Address all correspondence and requests for reprints to: James E. Foley, Ph.D., Novartis Pharmaceuticals Corporation, One Health Plaza, East Hanover, New Jersey 07936. E-mail: james.foley{at}novartis.com.

	Abstract

Top Abstract Introduction Subjects and Methods Results Discussion References

 
Objective: Pharmacological inhibition with the dipeptidyl peptidase 4 (DPP-4) inhibitor vildagliptin prolongs the action of endogenously secreted incretin hormones leading to improved glycemic control in patients with type 2 diabetes mellitus (T2DM). We undertook a double-blinded, randomized-order, crossover study to examine the vildagliptin mechanisms of action on islet function and glucose utilization.
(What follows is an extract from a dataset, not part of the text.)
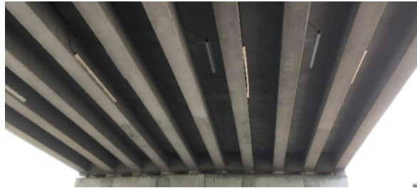
Figure 1: One main span of the bridge instrumented by optical strands

The methodology has been applied to assess the accuracy of a real bridge-WIM (BWIM) system currently operational on a road bridge over a highway in western France. The B-WIM system uses the bridge as the weighing system. It considers the measured deformation of the bridge due to the passage of the trucks. In our application, the bridge has four spans and the B-WIM strain sensors are installed on the two main spans, the length of which is 14.5 m. The bridge deck is of a type which is uncommon for B-WIM applications: ten parallel precast post-tensioned concrete beams support a concrete slab (see Figure (1)). Usually B-WIM solutions are used on short spanned concrete frames or slabs, or on orthotropic steel decks. Thus it was necessary to quantify the accuracy of the system in this unusual configuration. The B-WIM system tested is the “WIM+D” solution by OSMOS using optical strands (see Figure (1)), simultaneously considering WIM application and structural health monitoring [6].

Research Design and Methods: Participants with T2DM (n = 16) who had a baseline hemoglobin A_1c of 7.1 ± 0.2% completed a crossover study with 6 wk of treatment with vildagliptin and 6 wk with placebo. At the completion of each arm, participants had a study of postprandial metabolism and a two-step glucose clamp performed at 20 and 80 mU/min·m² insulin infusions.

Results: Vildagliptin increased postprandial glucagon-like peptide-1 and glucose-dependent insulinotropic polypeptide by 3- and 2-fold, respectively, reduced fasting plasma glucose and postprandial plasma glucose by 1.3 ± 0.3 mmol/liter and 1.6 ± 0.3 mmol/liter (both P <0.01), and improved glucose responsiveness of insulin secretion by 50% (P < 0.01). Vildagliptin lowered postprandial glucagon by 16% (P <0.01). Examined by glucose clamp, insulin sensitivity and glucose clearance improved after vildagliptin (P < 0.01).

Conclusions: Vildagliptin improves islet function in T2DM and improves glucose metabolism in peripheral tissues.

	Introduction

Top Abstract Introduction Subjects and Methods Results Discussion References

 
The incretin hormones glucagon-like peptide-1 (GLP-1) and glucose-dependent insulinotropic polypeptide (GIP) have multiple actions that regulate glucose homeostasis. GLP-1 increases insulin secretion and suppresses glucagon secretion in a glucose-dependent manner, slows gastric emptying, and induces satiety (1). GLP-1 has been found to increase glucose disposal in some (2, 3, 4, 5), although not all, studies (6, 7, 8). Furthermore, although it is clear that GLP-1 has direct effects on the islet, the effects on glucose utilization were not always seen when the effects on the islet were taken into account (9).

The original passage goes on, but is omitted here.